### Work instruction
Could you retype the lines below, starting at the line holding "Omega Seamaster 300" and stopping at the line holding "The stairs are", inclusive? Copy them exactly and drop the images.

*** Data to use ***

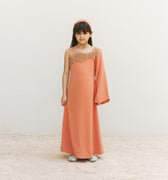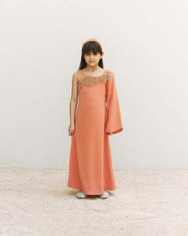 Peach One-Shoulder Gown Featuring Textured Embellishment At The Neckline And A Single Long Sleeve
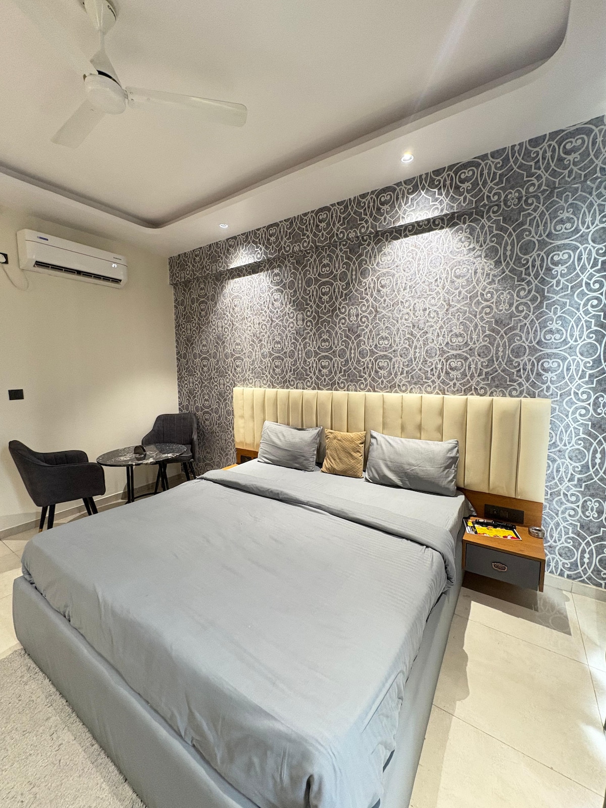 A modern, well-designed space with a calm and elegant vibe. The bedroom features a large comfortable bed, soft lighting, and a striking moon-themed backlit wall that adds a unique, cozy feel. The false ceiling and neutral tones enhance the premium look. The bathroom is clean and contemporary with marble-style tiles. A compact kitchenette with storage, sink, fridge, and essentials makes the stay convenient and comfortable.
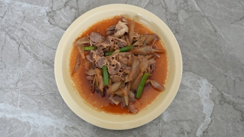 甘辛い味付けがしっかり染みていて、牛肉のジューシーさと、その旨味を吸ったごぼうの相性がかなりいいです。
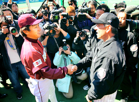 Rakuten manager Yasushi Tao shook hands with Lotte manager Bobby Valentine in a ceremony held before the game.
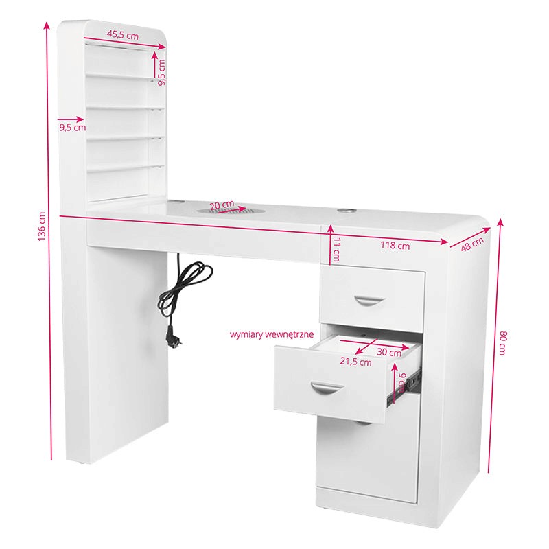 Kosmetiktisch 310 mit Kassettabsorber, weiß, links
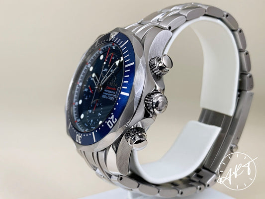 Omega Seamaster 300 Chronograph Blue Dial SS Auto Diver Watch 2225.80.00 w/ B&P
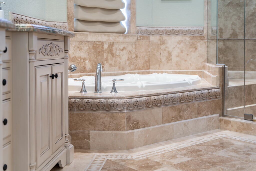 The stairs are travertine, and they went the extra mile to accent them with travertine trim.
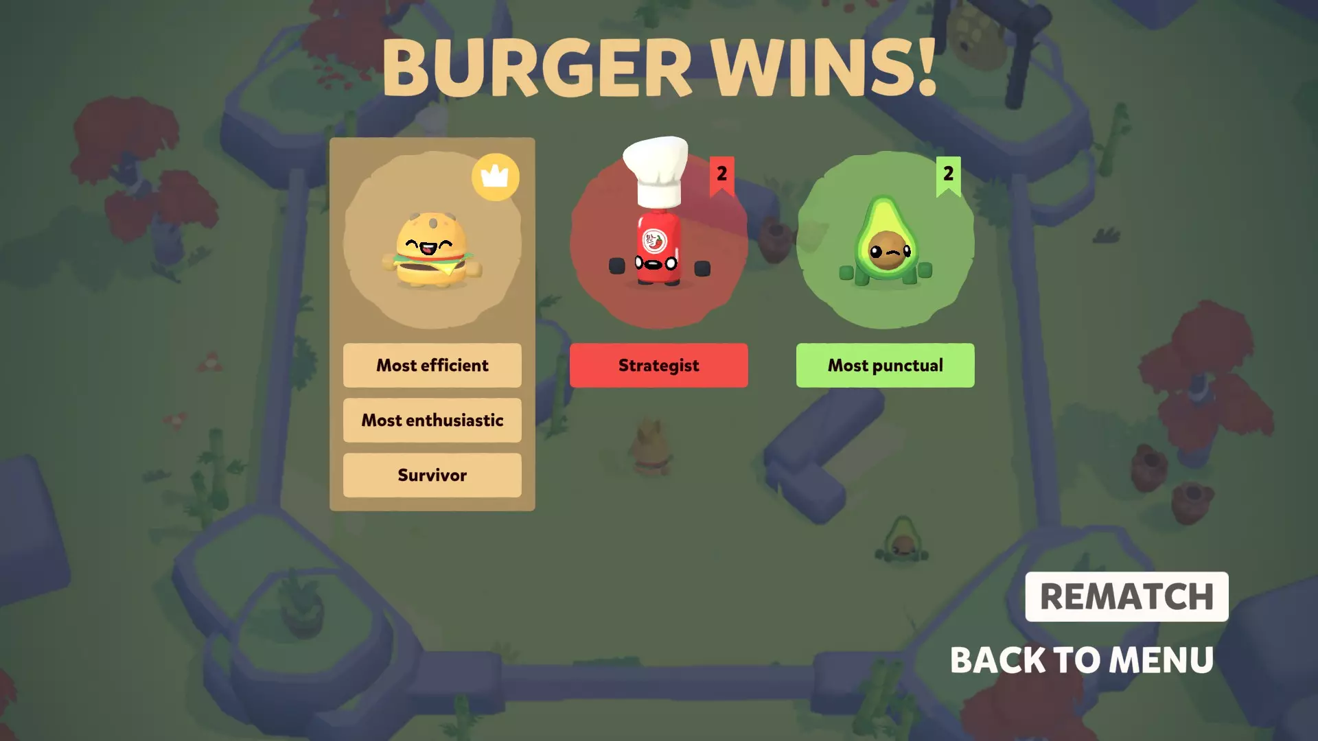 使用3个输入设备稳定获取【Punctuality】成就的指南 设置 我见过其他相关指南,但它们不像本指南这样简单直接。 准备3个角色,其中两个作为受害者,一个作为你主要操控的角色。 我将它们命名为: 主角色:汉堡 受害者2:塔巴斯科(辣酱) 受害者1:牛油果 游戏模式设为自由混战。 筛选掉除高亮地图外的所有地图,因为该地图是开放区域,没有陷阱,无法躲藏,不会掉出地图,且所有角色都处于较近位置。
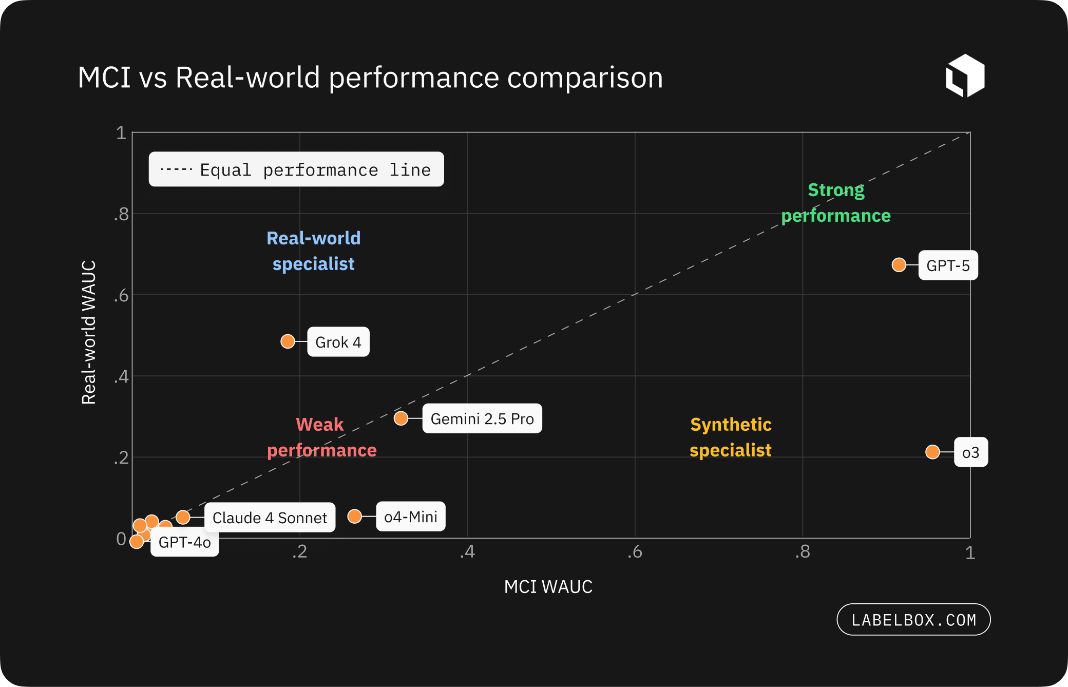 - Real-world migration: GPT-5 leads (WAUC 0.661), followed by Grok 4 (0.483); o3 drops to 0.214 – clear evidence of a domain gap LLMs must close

*** End of Data to use ***

### Task solution
 Omega Seamaster 300 Chronograph Blue Dial SS Auto Diver Watch 2225.80.00 w/ B&P
 The stairs are travertine, and they went the extra mile to accent them with travertine trim.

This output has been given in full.